Hey everyone im new to the forum :] 
Anyways my question is are there any websites that are able to do custom tags on your shirt and etc? 
i know about tagless threads but im wondering if there are any different sites that anyone knows of? 

thanks!


----------



## taricp35 (Dec 10, 2008)

Try this company. This is from the vendors list to the left.

Clothing labels, clothing tags, cloth labels, woven labels, woven label manufacturers


----------



## splathead (Dec 4, 2005)

Are you looking for printed tags or woven/printed?


----------



## PNP (May 25, 2007)

splathead said:


> Are you looking for printed tags or woven/printed?


Good question.

Printing your own, right on the inside of the back just under the garment tag could be a great idea!


----------



## VillainApparel (Feb 27, 2010)

Oh i ment like a website that does screenprinting/digital etc and also can do tags, all in one basically.


----------



## splathead (Dec 4, 2005)

VillainApparel said:


> Oh i ment like a website that does screenprinting/digital etc and also can do tags, all in one basically.


Yes, there are many.

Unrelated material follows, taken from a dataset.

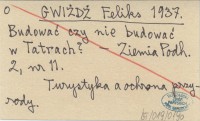 GWIŻDŻ Feliks 1937 Budować czy nie budować w Tatrach?
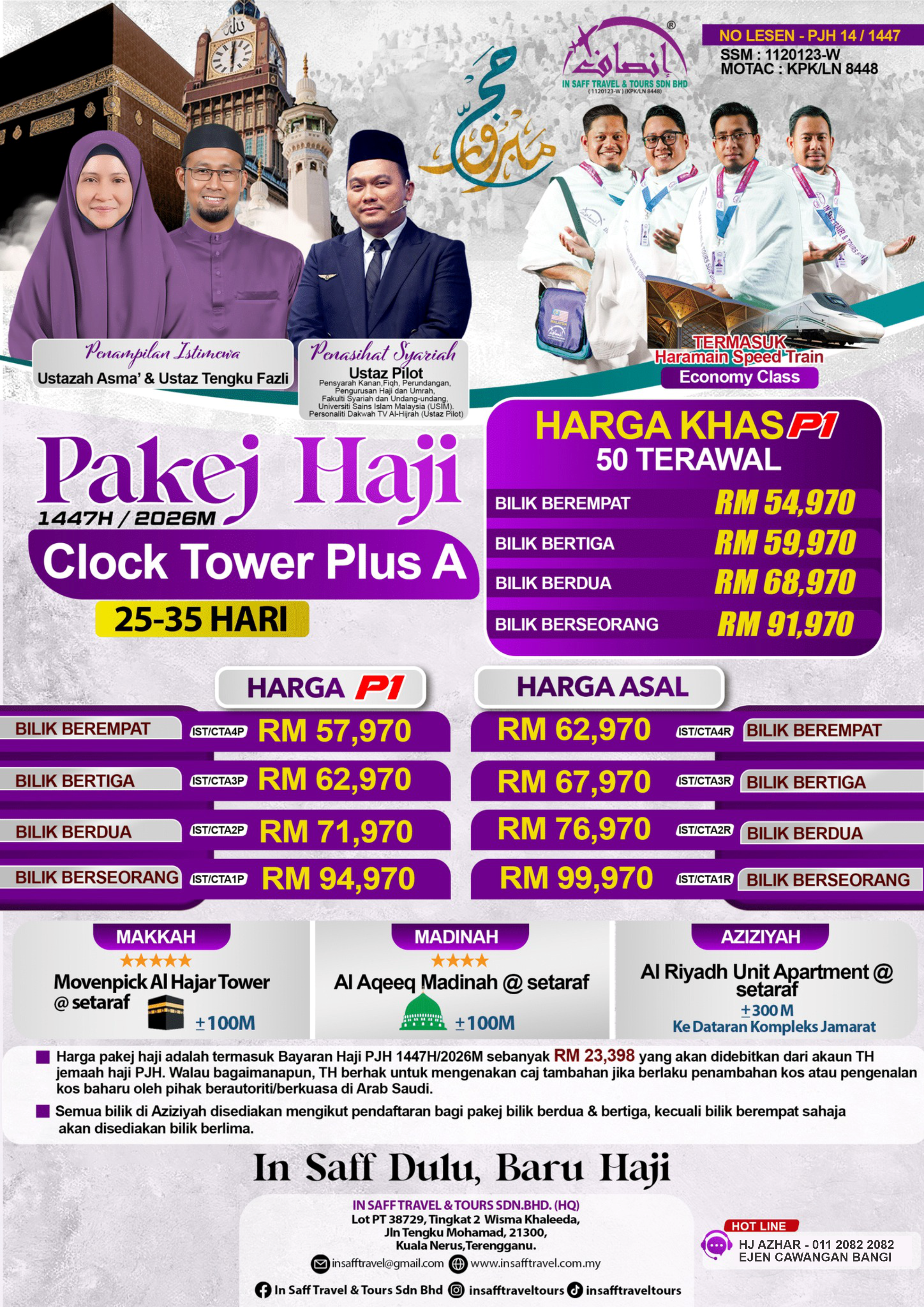 Pakej Haji Clock Tower Plus A 1447H / 2026M – Keselesaan & Kemudahan Maksimum. Nikmati pengalaman ibadah haji yang eksklusif bersama In Saff Travel & Tours Sdn. Bhd. melalui Pakej Clock Tower Plus A — pilihan ideal bagi jemaah yang mahukan keselesaan, lokasi strategik, dan kemudahan bertaraf tinggi.

You should get a quote from them and also locally to save on shipping costs.


----------



## VillainApparel (Feb 27, 2010)

Do you have a link for the sites?


----------



## landon13 (Apr 1, 2012)

just wanting to keep this thread going bc i am wanting to know the same thing...

basically just trying to price everything out and wondering if there are any places that will sell blanks but also print your tag/logo on the inside.

thanks!


----------



## Rodney (Nov 3, 2004)

landon13 said:


> just wanting to keep this thread going bc i am wanting to know the same thing...
> 
> basically just trying to price everything out and wondering if there are any places that will sell blanks but also print your tag/logo on the inside.
> 
> thanks!


We have a whole directory of companies that print t-shirts here: PrinterListings - custom t-shirt printers reviewed at PrinterListings.com 

Many of them will also relabel your t-shirts when they print for you.

If you're looking for a specific recommendation for a company, please post in our referrals area here: http://www.t-shirtforums.com/referrals-recommendations/


----------